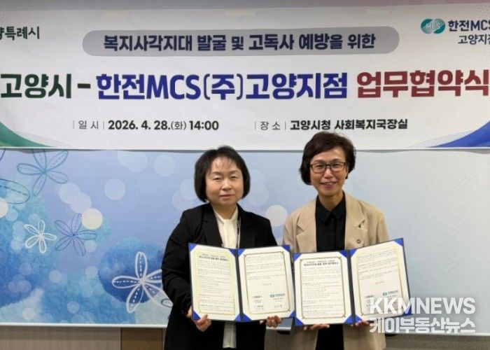 KKMNEWS 김교민 기자 | 고양특례시는 지난 28일 시청 사회복지국장실에서 한전MCS(주) 고양지점과 위기가구 발굴 및 지원을 위한 ‘온(溫)마음 복지스위치 ON’ 업무협약을 체결했다.
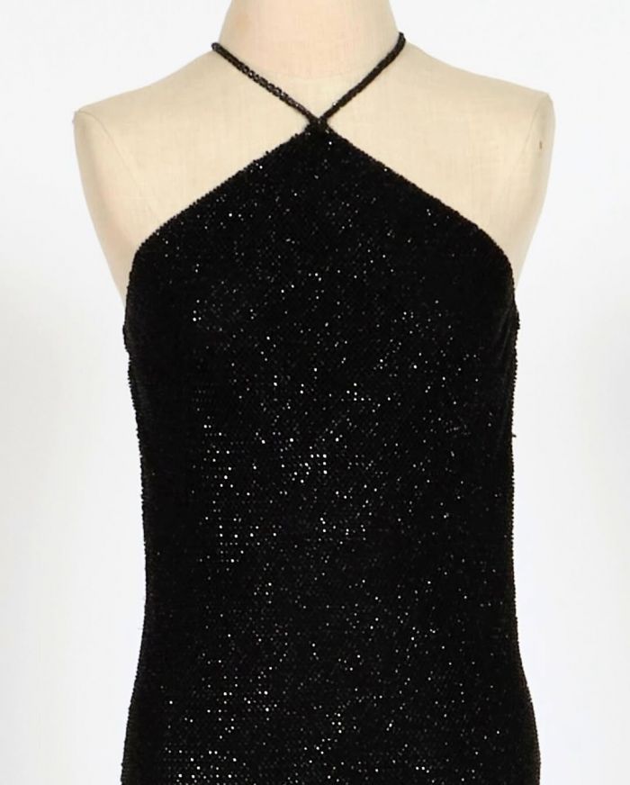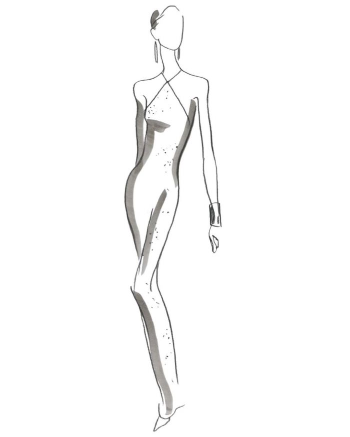 Το μαύρο, sleek φόρεμα με το halter neckline γλιστρούσε πάνω της με έναν τρόπο σχεδόν γλυπτικό, αναδεικνύοντας την απλότητα που χαρακτήριζε τότε τη συλλογή του Ralph Lauren. Δυνατές γραμμές, σμιλεμένες σιλουέτες και ένα γυαλιστερό, high-shine φινίρισμα που έκλεβε το φως χωρίς να φωνάζει.
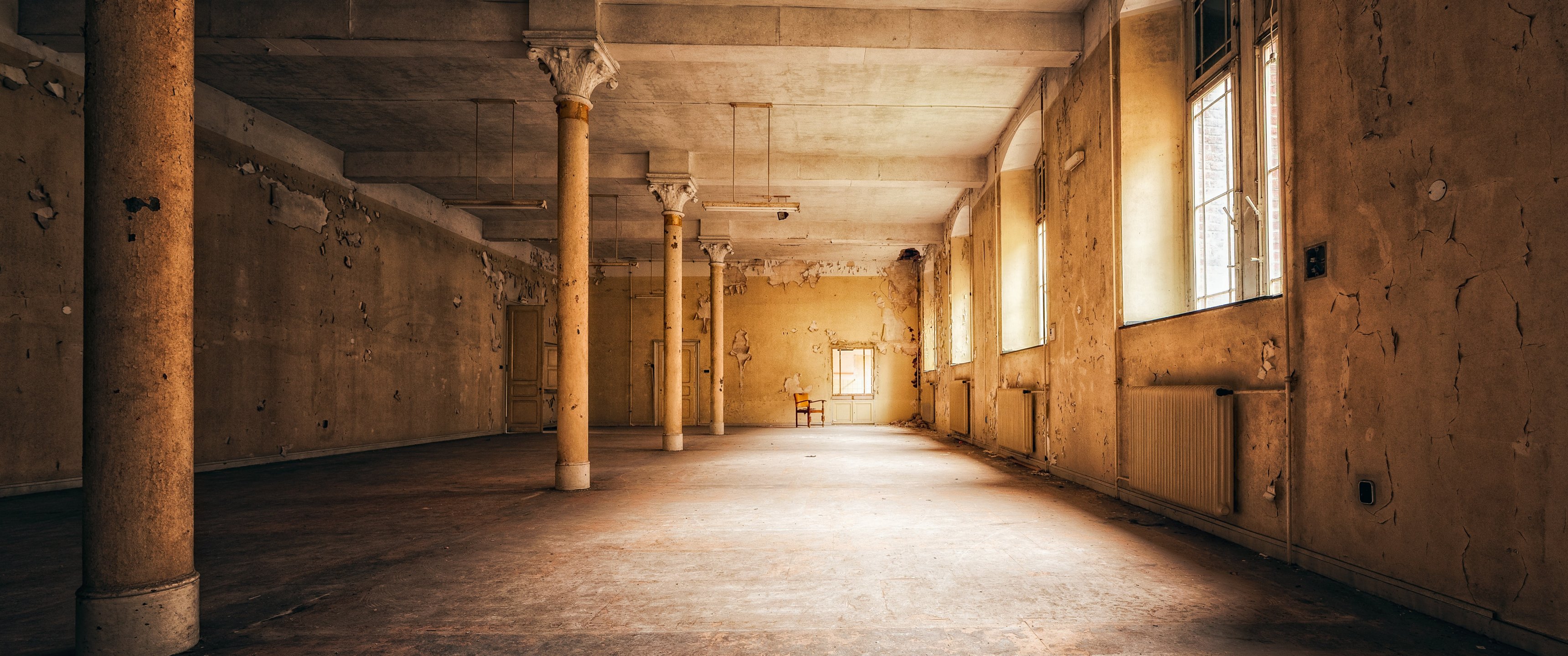 Wallpaper: room, abandoned building - 3440x1440
+-------+
◆ What the task asks ◆
A word-for-word copy of the listing is needed, with no pictures in it.

◆ Your solution ◆
 KKMNEWS 김교민 기자 | 고양특례시는 지난 28일 시청 사회복지국장실에서 한전MCS(주) 고양지점과 위기가구 발굴 및 지원을 위한 ‘온(溫)마음 복지스위치 ON’ 업무협약을 체결했다.
 Το μαύρο, sleek φόρεμα με το halter neckline γλιστρούσε πάνω της με έναν τρόπο σχεδόν γλυπτικό, αναδεικνύοντας την απλότητα που χαρακτήριζε τότε τη συλλογή του Ralph Lauren. Δυνατές γραμμές, σμιλεμένες σιλουέτες και ένα γυαλιστερό, high-shine φινίρισμα που έκλεβε το φως χωρίς να φωνάζει.
 Wallpaper: room, abandoned building - 3440x1440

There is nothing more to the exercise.